Zusammenarbeit Schule-Wirtschaft

Die deutsche Wirtschaft hat sich als Teil der Gesellschaft und Kultur zu ihrem Bildungsauftrag in einer sozial-verantwortlichen Gemeinschaft bekannt. Sie hat ihre Verantwortung bekräftigt, im Miteinander von Arbeitgebern und Arbeitnehmern, Eltern und Staat für die berufliche Bildung Sorge zu tragen und die dafür notwendigen Grundbedingungen und Voraussetzungen mitzugestalten. Der Kontakt der Schüler zur Arbeitswelt ist vor allem für die Persönlichkeitsbildung und die Entwicklung ihres sozialen Verhaltens wichtig. Deshalb sind die Unternehmen im eigenen Interesse gefordert, die Lehrer in diesem Prozess zu unterstützen und den vielfach begonnenen Dialog zwischen Schule und Wirtschaft weiter zu forcieren. Die Kammer hat in diesem Prozess eine Mittlerrolle übernommen.

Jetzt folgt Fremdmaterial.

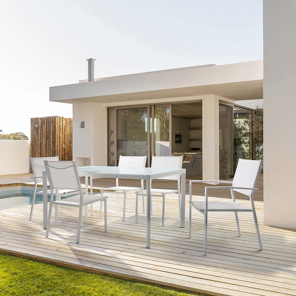 Silla apilable de aluminio y textil de jardín, diseño moderno - Franz

Die Zusammenarbeit Schule - Wirtschaft wird koordiniert durch regionale Arbeitskreise. In diesen Arbeitskreisen arbeiten Vertreter der Unternehmen und Schulen zusammen. Im Mittelpunkt stehen dabei Maßnahmen der Berufsorientierung der Schulabgänger und deren Information über wirtschaftliche Zusammenhänge sowie aktuelle technische und soziale Entwicklungen in der Arbeitswelt.